Biancaneve rimase molto, molto tempo nella bara, ma non imputridì: sembrava che dormisse, perché era bianca come la neve, rossa come il sangue e nera come l’ebano. Ma un bel giorno capitò nel bosco un principe e andò a pernottare nella casa dei nani. Vide la bara sul monte e la bella Biancaneve e lesse quel che era scritto a lettere d’oro. Allora disse ai nani: – Lasciatemi la bara; in compenso vi darò quel che volete -. Ma i nani risposero: – Non la cediamo per tutto l’oro del mondo. – Regalatemela, allora, – egli disse, – non posso vivere senza veder Biancaneve: voglio onorarla ed esaltarla come la cosa che mi è più cara al mondo -. A sentirlo, i buoni nani s’impietosirono e gli donarono la bara.
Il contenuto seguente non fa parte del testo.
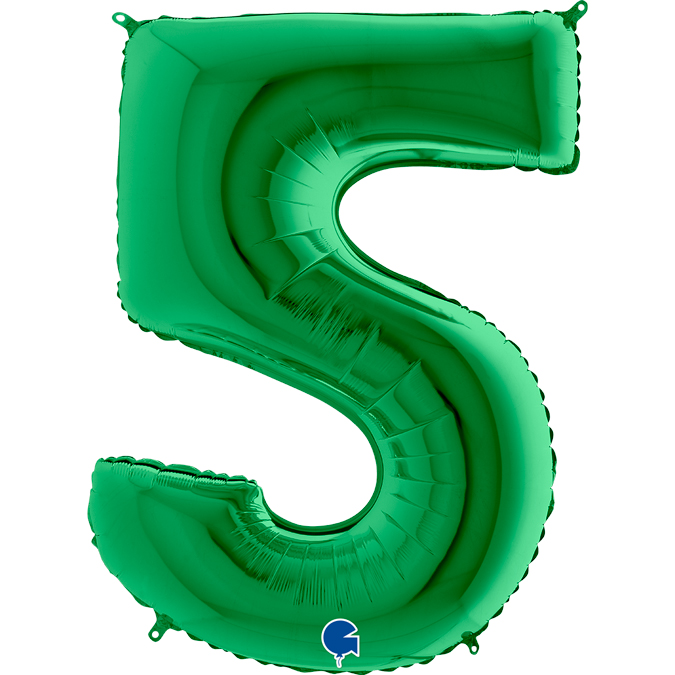 Foil balloon in shape of number 5 in green color. Balloons are in single pack.

Il principe ordinò ai suoi servi di portarla sulle spalle. Ora avvenne che essi inciamparono in uno sterpo e per la scossa quel pezzo di mela avvelenata, che Biancaneve aveva trangugiato, le usci dalla gola. E poco dopo ella apri gli occhi, sollevò il coperchio e si rizzò nella bara: era tornata in vita. – Ah Dio, dove sono? – gridò. Il principe disse, pieno a gioia: – Sei con me, – e le raccontò quel che era avvenuto, aggiungendo: – Ti amo sopra ogni cosa al mondo; vieni con me nel castello di mio padre, sarai la mia sposa -. Biancaneve acconsenti andò con lui, e furono ordinate le nozze con gran pompa e splendore.
Ma alla festa invitarono anche la perfida matrigna di Biancaneve. Indossate le sue belle vesti, ella andò allo specchio e disse: – Dal muro, specchietto, favella: nel regno chi è la più bella?
Lo specchio rispose: – Regina, la più bella qui sei tu; ma la sposa lo è molto di più.
La cattiva donna imprecò e il suo affanno era così grande che non poteva più dominarsi. Dapprima non voleva assistere alle nozze; ma non trovò pace e dovette andare a veder la giovane regina. Entrando, riconobbe Biancaneve e impietrì dallo spavento e dall’orrore. Ma sulla brace erano già pronte due pantofole di ferro: le portarono con le molle, e le deposero davanti a lei. Ed ella dovette calzare le scarpe roventi e ballare, finché cadde a terra, morta.